The State Ethics Commission's Web site provides the tools to analyze campaign funds for candidates for state office:

1) Click “Search by Expenditure” and enter a name in “Individual or Entity.” (This will find donations from political action committees or other candidates.)  Print the results or download them into Excel.

2) Click “Search by Name” to view a candidate’s reports of donations received. These can also be downloaded.

3) Compare the results from steps 1 and 2 to match up donors’ names, dates and amounts.

4) To compare contributions made before 2006, visit  the Georgia Secretary of State’s Web site. Most campaign reports here cannot be searched electronically.
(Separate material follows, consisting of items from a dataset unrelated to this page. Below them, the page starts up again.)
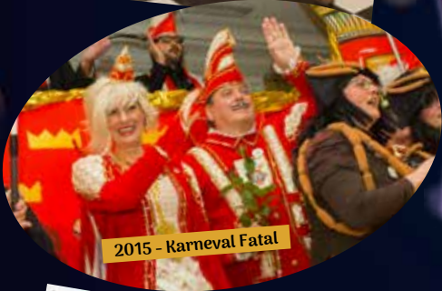
2015 - Karneval Fatal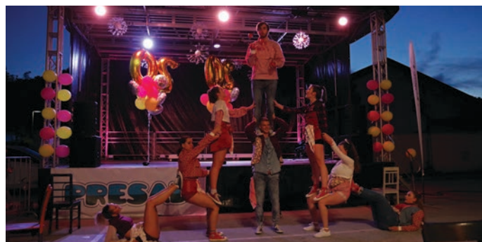
Človeška piramida v izvedbi Plesnega kluba Kazina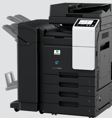
mit FS-539SD und PC-218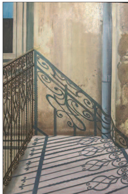
17. kép. A gang délutánja, 1987. – Magántulajdon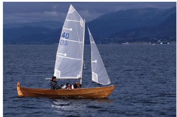
Beste jentebåt under NM : 40 "Blia"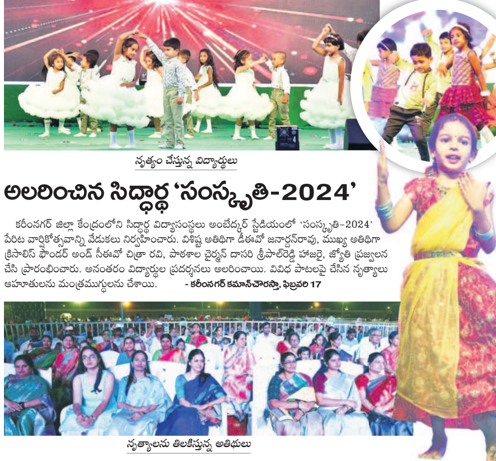
సత్కారాలను తిలకిస్తున్న అతిథులు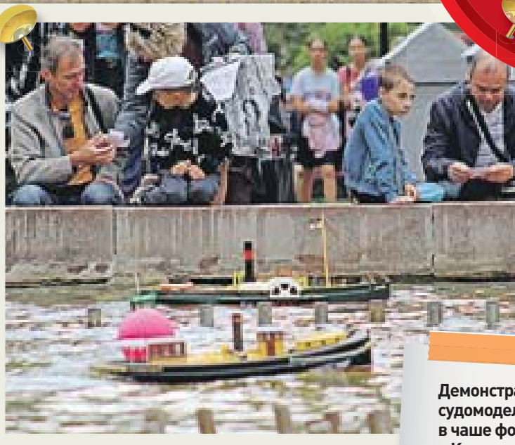
Демонстрация судомоделей в чаше фонтана в Кольцовском сквере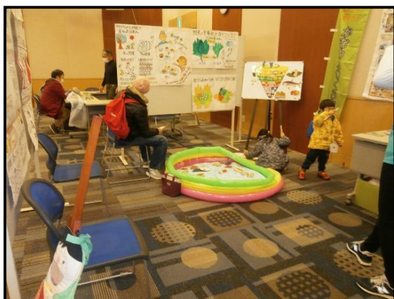
▲食育講座 (食べよう!!育もう!!かむカム♡くらぶ)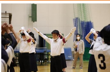
総体激励集会 選手を含めて全校応援で気合いを入れました。吹奏楽部の演奏で入退場をしました。

They must be printed out and compared visually.

take the money and run



Ethics budget takes 30% hit for 2009-10

   April 3, 2009 (update) -- The State Ethics Commission will lose about 30 percent of its current funding in the 2010 state budget passed Friday.

   The Georgia House and Senate compromised on a $1.2 million budget for the agency in negotiations on the last day of the 2009 legislative session. The House last week slashed spending on ethics enforcement to $672,000 next year. The Senate countered with $1.5 million, the amount that Gov. Sonny Perdue had recommended.
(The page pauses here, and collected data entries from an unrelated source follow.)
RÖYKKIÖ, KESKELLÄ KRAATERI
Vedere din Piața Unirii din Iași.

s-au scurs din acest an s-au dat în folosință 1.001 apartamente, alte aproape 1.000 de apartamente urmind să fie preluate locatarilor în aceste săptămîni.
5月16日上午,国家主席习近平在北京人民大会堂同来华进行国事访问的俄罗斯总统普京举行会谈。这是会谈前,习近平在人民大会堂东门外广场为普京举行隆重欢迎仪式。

   Perdue had already proposed trimming the commission's budget -- currently $1.7 million -- by about $200,000 by eliminating positions, deferring pay raises and reducing personnel benefits.

   No word yet on what this might mean for staffing for the commission, which enforces campaign finance laws for elected officials in Georgia, including state legislators, The new budget year begins July 1.
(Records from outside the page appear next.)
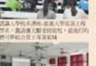
輔導室第一屆全體會議合影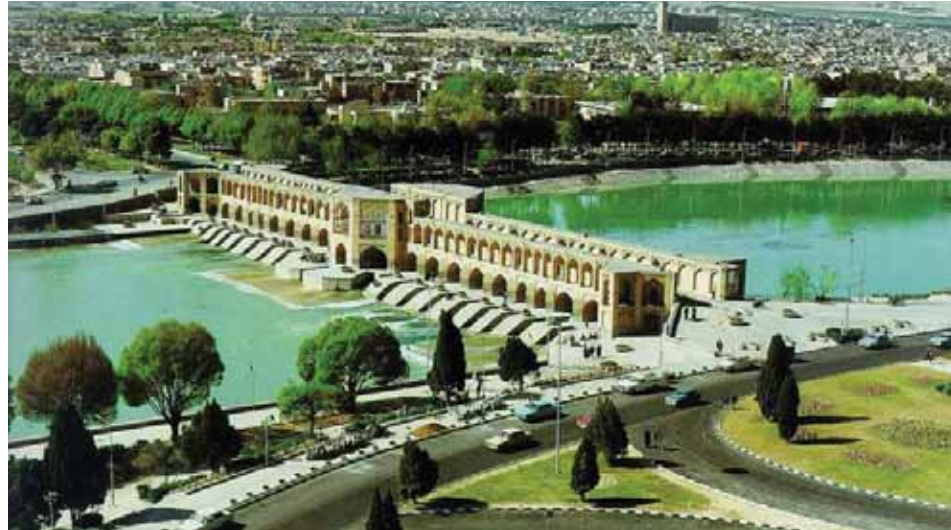
من آثار وطبيعة إيران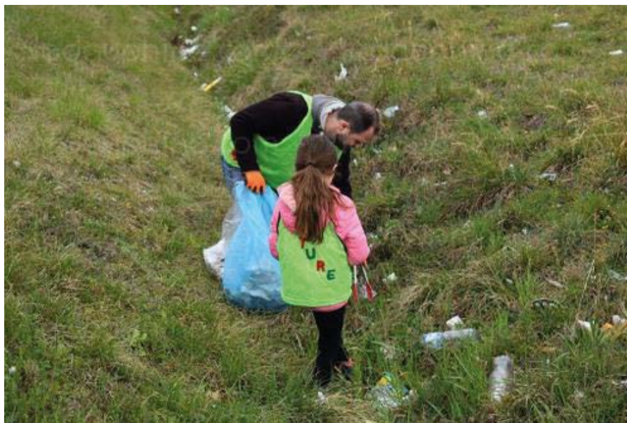
Même les plus jeunes se sentent concernés par le ramassage des déchets.

Chaque dimanche, le collectif nature se réunit à Montélimar pour ramasser les déchets.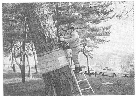
樹幹注入剤グリーンガードで守る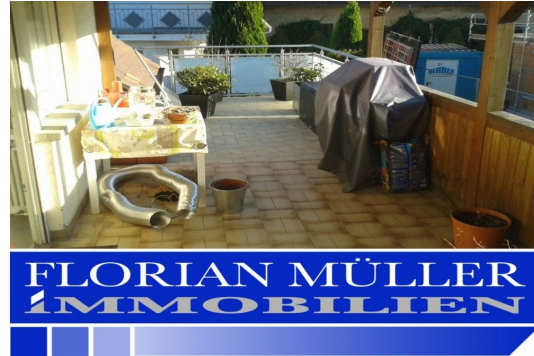
Große teilüberdachte Terrasse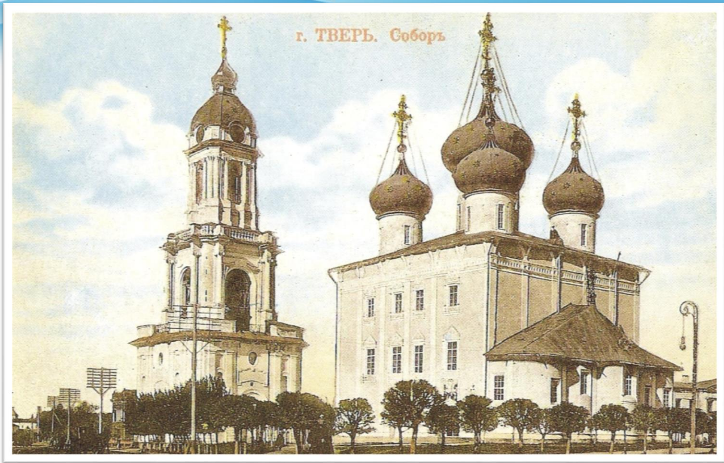
Тверской Спасо-Преображенский собор 1285 год.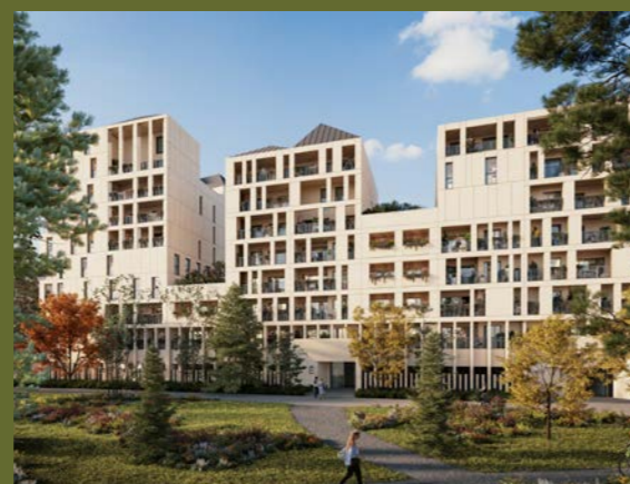
ESPRIT BASTIDE Bordeaux

   Update: The Senate Appropriations Committee restored the 2009-10 budget for the State Ethics Commission to $1.5 million, the level recommended by Gov. Sonny Perdue.

   The restored funding goes to the full Senate for a vote Wednesday, then to a conference committee with the House.

   March 27, 2009 -- A Georgia Senate committee is expected to vote Monday on a 2010 budget that could slash funding for enforcement of ethics laws by 60 percent.

   The Georgia House has recommended a $672,000 operating budget for the State Ethics Commission – 60 percent less than its $1.7 million budget this year.

   The reduced funding, if not restored, could force layoffs of half or more of the staff of the commission, which enforces laws regulating campaign finance and public disclosure of elected officials’ personal finances.

   The cuts that would turn back the clock on funding for ethics enforcement below the $759,000 it spent in 2003-04. At that time, the commission focused its resources on monitoring filings of campaign paperwork and gave little attention to investigations.

   A budget tracking sheet shows Gov. Sonny Perdue’s recommendation for FY 2010 – a smidgen under $1.5 million – was reduced to just $750,000 when the House sent its version of the budget to the Senate last week.

   Of that, the House directed $77,000 toward office rent due another state agency, leaving $672,000 to operate the commssion next year.

   Perdue had already trimmed the commission’s 2009-10 budget by 16 percent by deferring pay raises, reducing personnel benefits and eliminating positions.

   The Senate Appropriations Committee is expected to meet at 11 a.m. Monday to vote on its version of the budget. The meeting in Room 341 at the Capitol is open to the public.